Еще более четко объясняющий параллельный пример показывает учение о предназначении (предопределении). Оно свидетельствует в западноевропейском мире мыслей ни о чем другом, как о том, что "Бог в душе", который не является противоположностью понятию "я", а является понятием "сам", определяет цель типом сущности. В еврейско-сирийско-римском же мире мыслей, который отрывает личность от Бога и враждебно противопоставляет их друг другу, идея "предназначения" стала безумным представлением, которое унизило человека до прирожденного раба.

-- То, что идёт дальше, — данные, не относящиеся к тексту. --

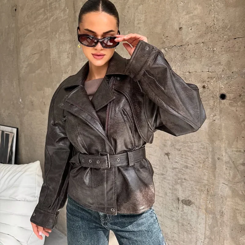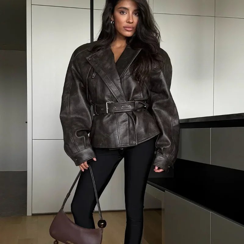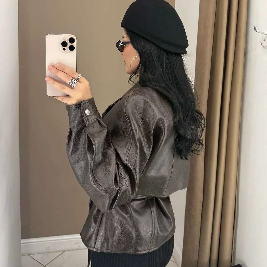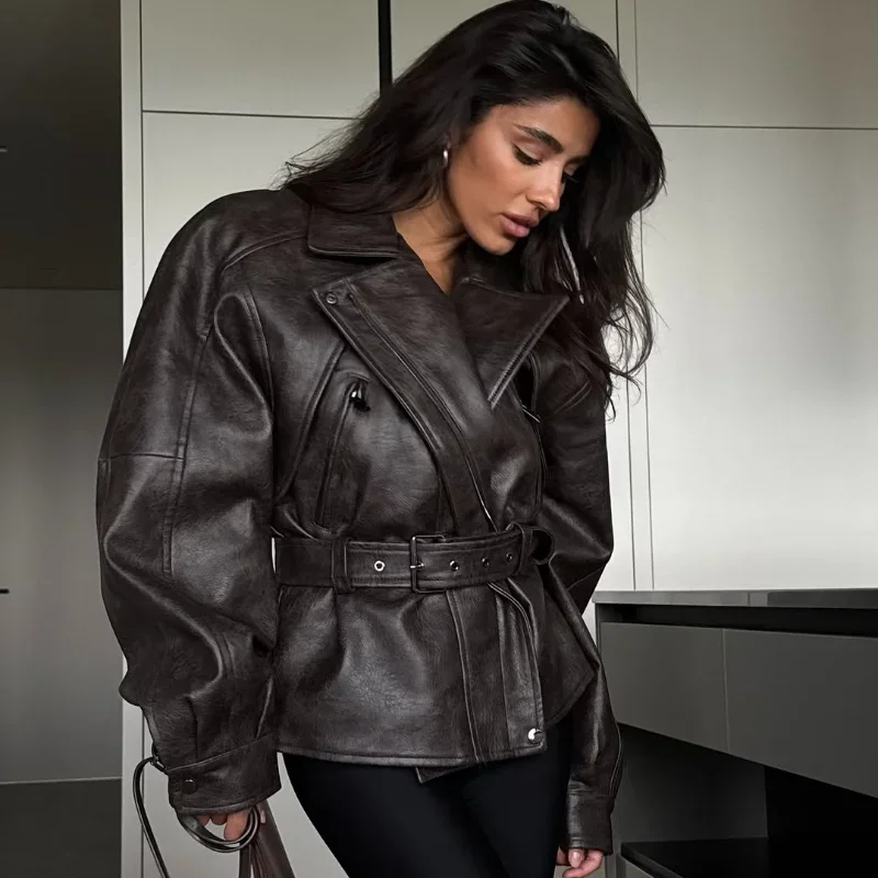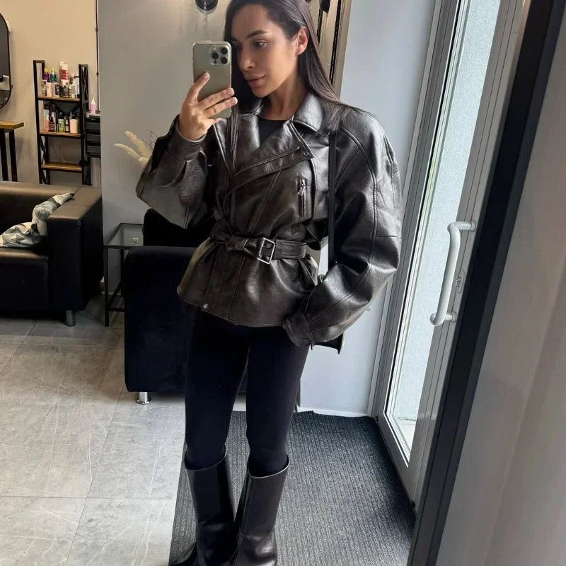 🍂 What is it - Elevate your autumn wardrobe with our Chic Leather Short Jacket, featuring a trendy lapel collar, belted design, and functional zipper pockets. This stylish outerwear is perfect for everyday wear and complements any outfit effortlessly.
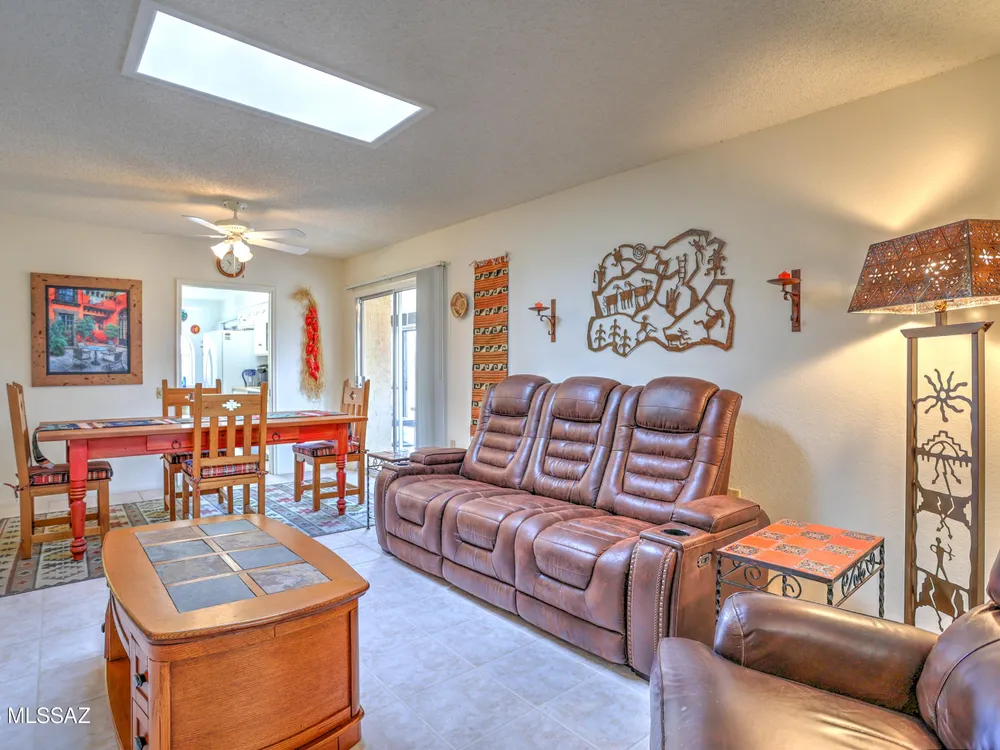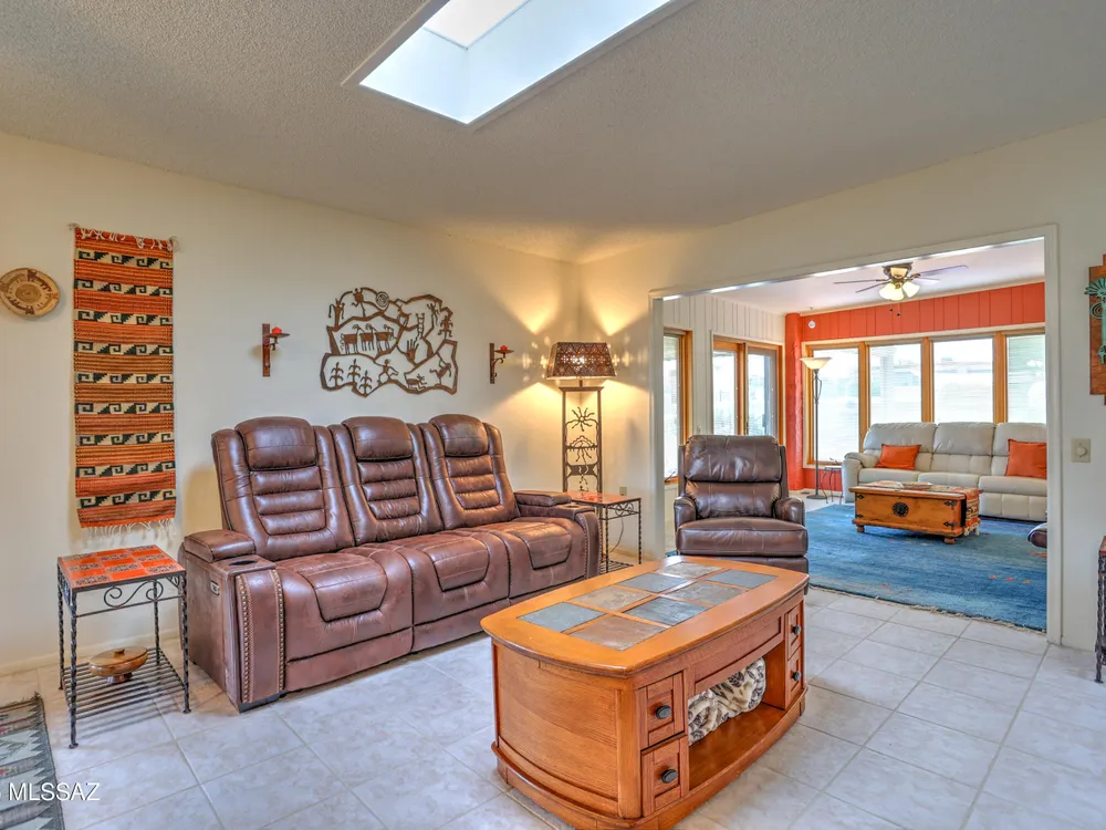 Range Price $369,000. to $395,000. Seller will accept or counter all offers made within the range price. Amazing location in highly desirable Esperanza Estates. 3BD/2BA end-unit with 2,076 sq ft and no neighbors to the east or behind! Enjoy panoramic mountain views from the walled front courtyard with fountain, private backyard, and even mountain views from inside the home. Wraparound enclosed patio is separately heated/cooled for year-round use. One more way to enjoy the views. Bright interior with skylights, tile flooring (carpet in bedrooms), great room + separate family room--perfect for entertaining. Kitchen offers rollouts, lots of cabinets, & all appliances. Private backyard features a remote-control dropdown shade. Newer HVAC 2024. GVR included. 2-car garage with built-in storage

Одно "создание" было выбрано навсегда из ничего произвольным духом создателя, другое навеки проклято. Причина осталась тайной обучающего волшебника. Здесь мы снова переживаем несчастье, когда идеи вполне определенного типа "ассимилируются" чуждым образом мыслей; интеллектуальное и духовное кровосмешение является неизбежным следствием этого. Врожденное глубокое уважение германской личности к другому характеру занимало пластические возможности нашей сущности в направлении, которое вызвало отставание того, что согласно свойствам расы могло бы расцветать. Слава Богу, чудовищное учение о предопределении Августина не оказало реального длительного влияния, знак инстинктивного отхода, последнего не избежал и "вечный Рим".
Только в строго еврейско-церковном "христианстве" продолжает иметь место полный разрыв между личностью и Богом, хотя образ Иисуса требует именно этого единства в той же степени, в которой в истории он редко вырастал до этого чарующего величия: абсолютная личность, которая есть, т.е. свободно живет по своему собственному закону, как господин над лицом (особой). Но это означает возможность сильнейшего контраста к так называемому "закату личности", как говорит наш современный язык. Потому что первое является господством, второе - бессилием. Если добавить, что эта свобода органично определена расой и народом, то мы имеем перед собой вечную предпосылку для любой культурной эпохи, связанной с типом европейского Запада.
Идея живущей по своим законам личности и учение о предназначении теперь тесно связаны с понятием судьбы.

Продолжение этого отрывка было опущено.